Entries supplied:
************
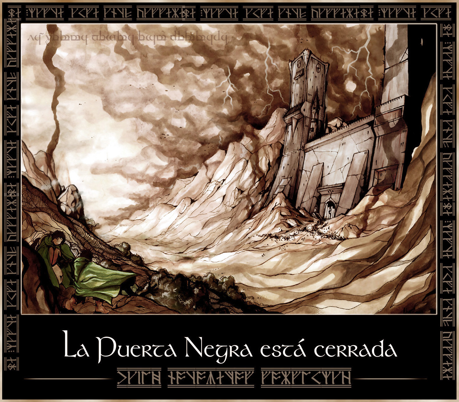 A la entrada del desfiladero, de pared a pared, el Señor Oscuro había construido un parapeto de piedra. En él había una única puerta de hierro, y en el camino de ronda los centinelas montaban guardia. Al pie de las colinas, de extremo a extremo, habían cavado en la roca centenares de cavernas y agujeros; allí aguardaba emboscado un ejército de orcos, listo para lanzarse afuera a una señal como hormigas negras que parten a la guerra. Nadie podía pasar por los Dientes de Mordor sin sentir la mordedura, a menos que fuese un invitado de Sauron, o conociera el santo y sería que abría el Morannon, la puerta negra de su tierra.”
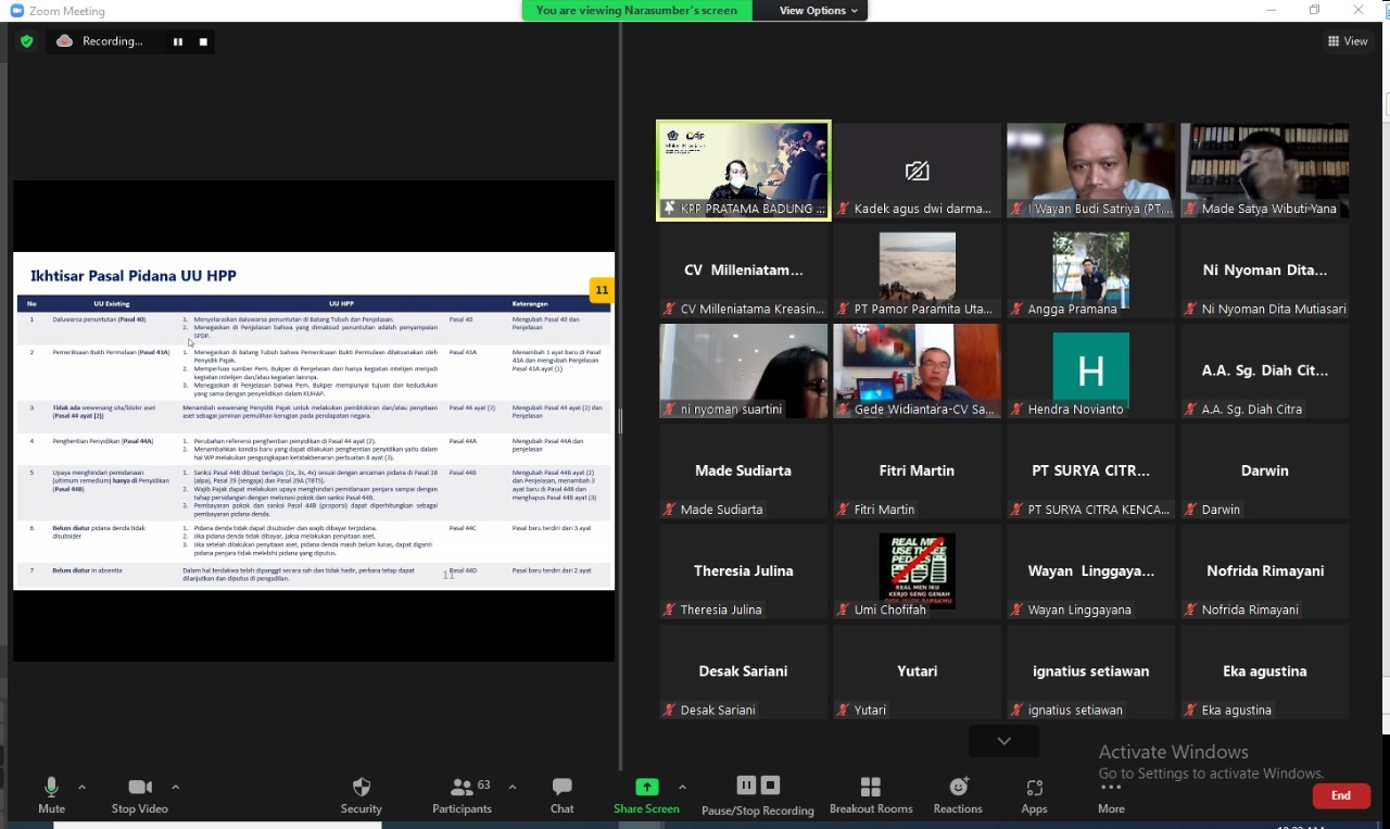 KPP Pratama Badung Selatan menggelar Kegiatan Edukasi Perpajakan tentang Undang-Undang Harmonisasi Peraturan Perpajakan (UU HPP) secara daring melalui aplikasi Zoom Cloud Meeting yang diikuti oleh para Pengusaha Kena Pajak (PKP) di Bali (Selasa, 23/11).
************
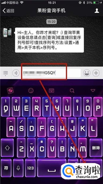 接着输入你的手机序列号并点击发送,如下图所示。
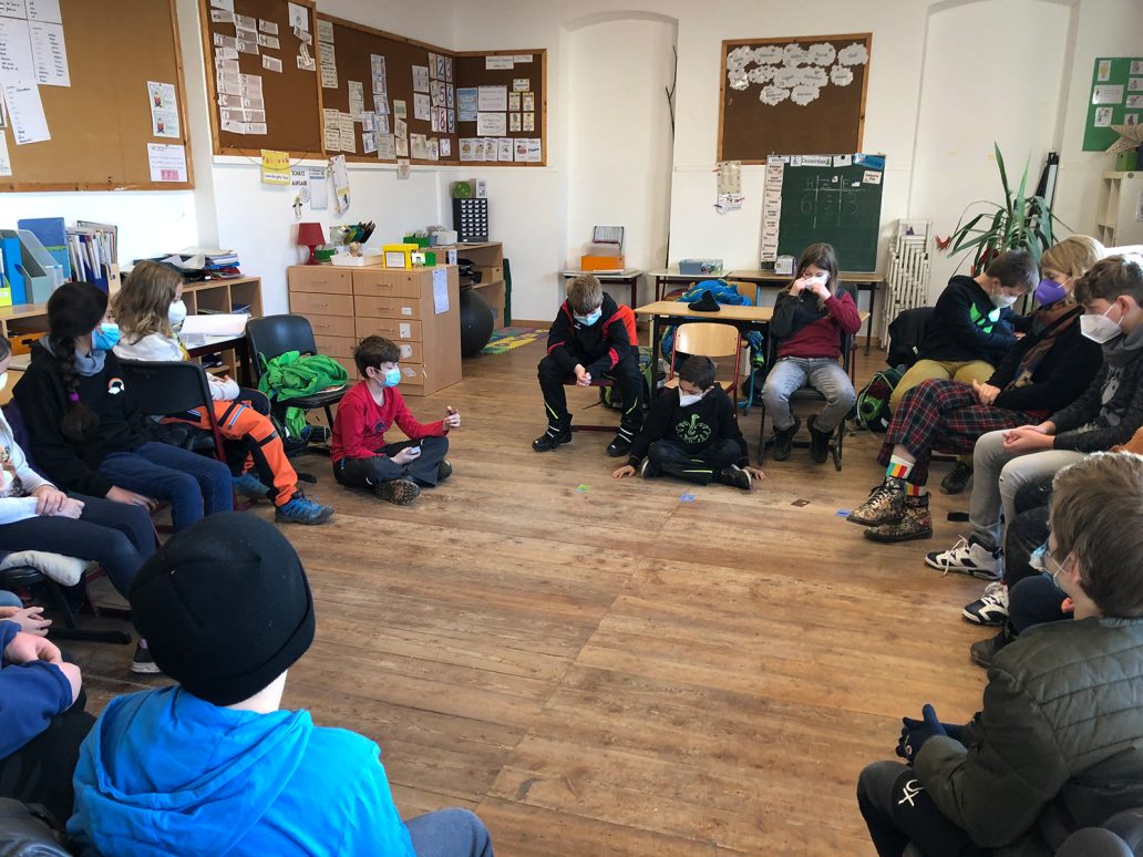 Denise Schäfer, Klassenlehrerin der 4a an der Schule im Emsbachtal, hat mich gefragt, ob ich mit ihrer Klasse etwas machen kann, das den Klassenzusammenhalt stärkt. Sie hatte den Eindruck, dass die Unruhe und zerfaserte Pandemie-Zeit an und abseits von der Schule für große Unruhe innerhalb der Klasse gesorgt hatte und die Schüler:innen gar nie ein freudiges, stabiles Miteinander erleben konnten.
************
Action item: Lines wanted from the entries above: the one with "接着输入你的手机序列号并点击发送,如下图所示。", the one with "Denise Schäfer, Klassenlehrerin", and all lines between. Please copy them exactly, without the pictures and without anything else.

Result of this exercise:
 接着输入你的手机序列号并点击发送,如下图所示。
 Denise Schäfer, Klassenlehrerin der 4a an der Schule im Emsbachtal, hat mich gefragt, ob ich mit ihrer Klasse etwas machen kann, das den Klassenzusammenhalt stärkt. Sie hatte den Eindruck, dass die Unruhe und zerfaserte Pandemie-Zeit an und abseits von der Schule für große Unruhe innerhalb der Klasse gesorgt hatte und die Schüler:innen gar nie ein freudiges, stabiles Miteinander erleben konnten.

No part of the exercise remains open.